Es gibt keine Globalisierung mit "menschlichem Antlitz", denn die grenzüberschreitenden wirtschaftlichen Zusammenschlüsse erfordern den absolut mobilen Menschen. Was steht am Ende, wenn Arbeitslose in Deutschland zunehmend verpflichtet werden können, sich bei Leiharbeitsfirmen auch unter Tarif verdingen zu müssen - und das von einem ehemaligen Gewerkschaftsfunktionär durchgedrückt?

Ich sehe Erziehung als gemeinsame, abgestimmte Zusammenarbeit von Elternhaus und Schule. Entgegen allen Versuchen, die Familie als "Hort der Gewalt" zu diffamieren und sie als "Auslaufmodell" zu propagieren, halten wir fest:

Die Familie ist keinesfalls einfach ein Ort, "an dem Kinder sind". Traditionell erfährt das Kind im Zusammenwirken von Vater und Mutter von klein auf, daß Familie Geborgenheit, Fürsorglichkeit und Sicherheit bedeutet, jedes Kind seinen Platz und seine Aufgaben hat und so wird demokratische Teilhabe bereits im Kleinen eingeübt und gelebt. Es bedeutet auch das gegenseitige Einstehen füreinander in allen Konflikt- und Krisensituationen, hier entstehen Toleranz und Gemeinsinn. Es kann doch nicht sein, daß wir es als "Normalität" hinnehmen, wenn zunehmend junge Mütter ihre Säuglinge anonym abgeben bzw. aussetzen. Hat es jemals in unserer Geschichte so viele Kindestötungen und Aussetzungen gegeben, wie gegenwärtig zu beobachten? Was geht in einer jungen Mutter vor, die ihr Kind vernachlässigt, um in der Disco die Nächte durchzutanzen? Wer die Frau nur als "Ressource" im Produktionsprozeß betrachtet, wie es in beiden deutschen Diktaturen gang und gäbe war und von der "Agenda 21" offensichtlich fortgesetzt wird, muß sich über die Folgen nicht wundern.

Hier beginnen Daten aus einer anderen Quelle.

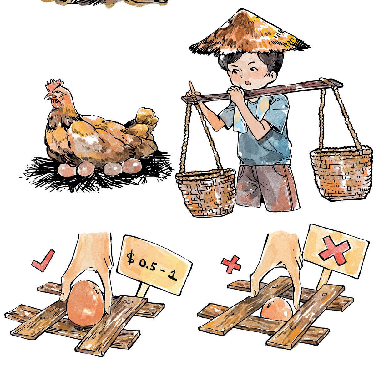 村民用擔挑拿着土產坐船 去沙頭角賣,主要是番薯 芋頭、米,而一支擔挑, 有兩個細籮。
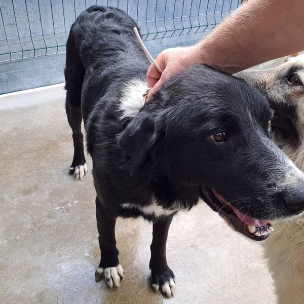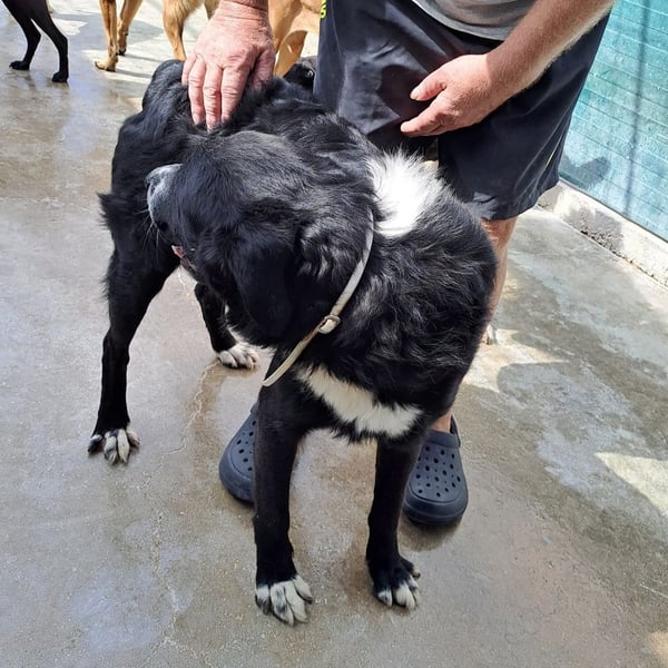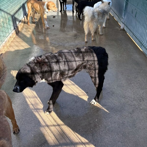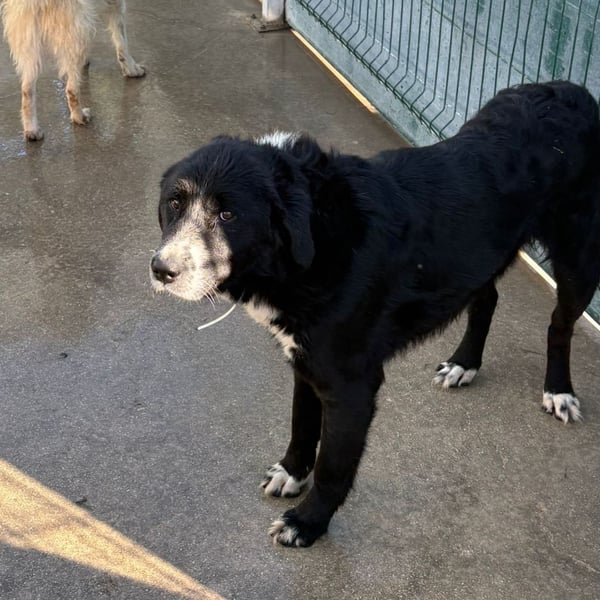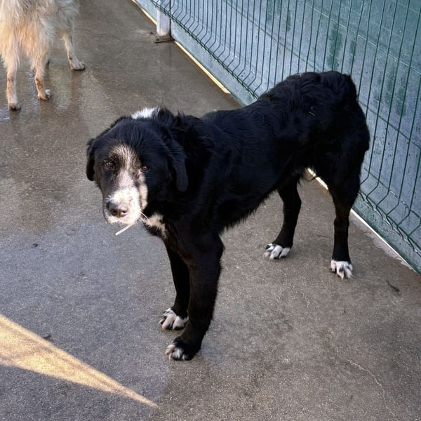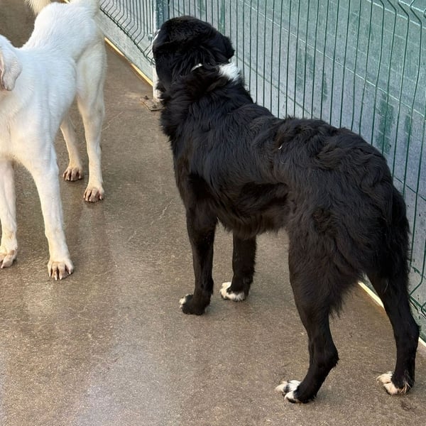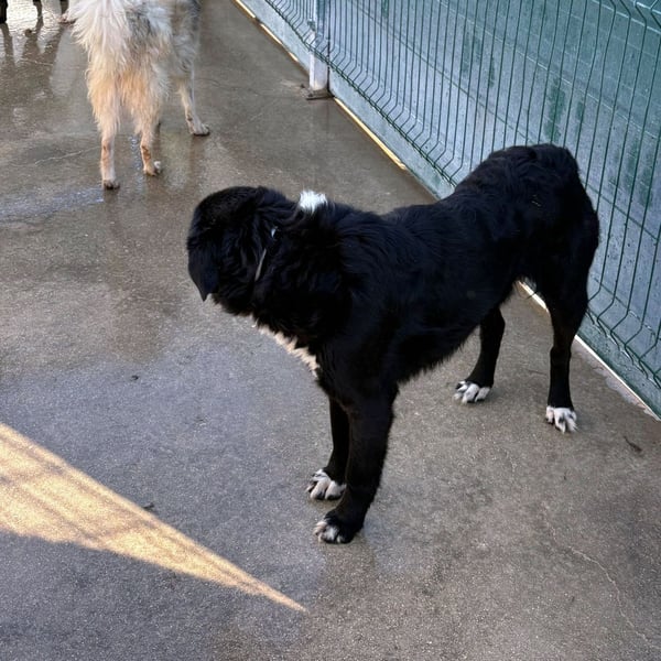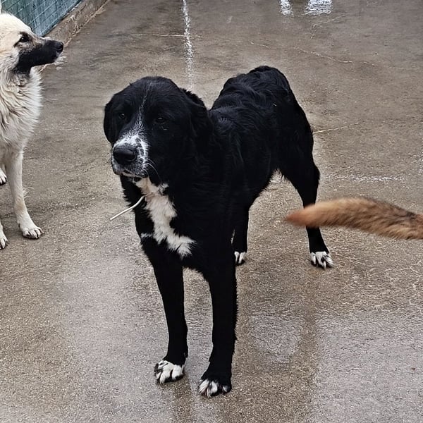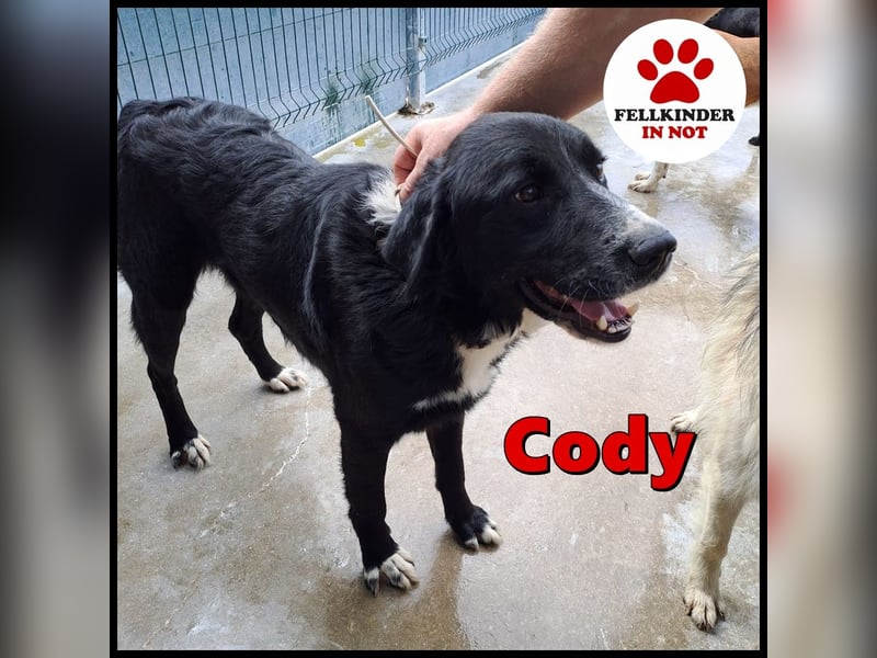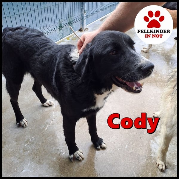 Cody ist ein ruhiger Rüde und möchte im Zwinger keinen Ärger, er ist menschenbezogen und freut sich sehr über Streicheleinheiten, wenn jemand in den Zwinger kommt. Mit den vier weißen Pfoten, der weißen Brust und Nase, fällt der hübsche Rüde im Zwinger sofort auf. Trotzdem wird er es schwer haben als großer Herdenschutzhund-Mischling und schwarz. Cody wünscht sich ein Zuhause auf dem Land mit einem Garten.

Wir Bürger müssen uns wieder unseres Wertes als Souverän bewußt werden und uns nicht länger parteipolitisch kanalisieren oder vereinzeln lassen. Die Bewahrung des Friedens ist nur möglich, wenn sich souveräne, demokratische Staaten gleichwertig und gleichberechtigt gegenübertreten, so wie es das Völkerrecht ausdrückt und unsere Verfassung festschreibt. Es wäre dringend geboten, die Grundsätze aus der Allgemeinen Erklärung der Menschenrechte sich wieder zu eigen zu machen und tatsächlich mehr Demokratie einzufordern. Wir Bürger sind aufgerufen, die gesamte Politik mit großer Aufmerksamkeit und einem gesunden Maß an Mißtrauen den Parteiprogrammen gegenüber zu verfolgen. Vor allem für diejenigen, die in beiden deutschen Diktaturen leben mußten, ist es unerträglich, daß nach jahrzehntelanger Unterdrückung der Menschen im Ostblock im Namen von Marx, Engels und Lenin die SPD erneut das marxistische Menschenbild in ihre Programmatik aufgenommen hat, daß die CDU Aktionsbündnisse mit der SED-Fortsetzungspartei PDS eingeht und die Parteien damit den antitotalitären Konsens der Demokraten, wie er nach dem zweiten Weltkrieg in SPD, CDU und FDP bestand, längst aufgekündigt haben. Denken wir immer daran: Große Machtgebilde haben in der Geschichte noch nie den Frieden sichern können. Im Gegenteil: Weder ist es der Sowjetunion gelungen, aus einem Tschetschenen einen Sowjetbürger zu machen, noch können 370 Millionen EU-Bürger unter den Verordnungen von einigen zehn EU-Kommissaren glücklich werden, sie müssen es auch nicht wollen. Jeder Landstrich ist zu individuell, als daß man ihn zentralistisch gleichbügeln kann.

Direkte Demokratie schafft Verbundenheit und Verantwortung aller für unser Gemeinwesen - ob auf kommunaler oder regionaler Ebene - in Frieden und Freiheit; was der Genossenschaftsgedanke in Vergangenheit und Gegenwart an gelebter Mitmenschlichkeit ermöglicht hat, sollte in allen Bereichen unserer Gesellschaft wieder stärkeren Einfluß gewinnen.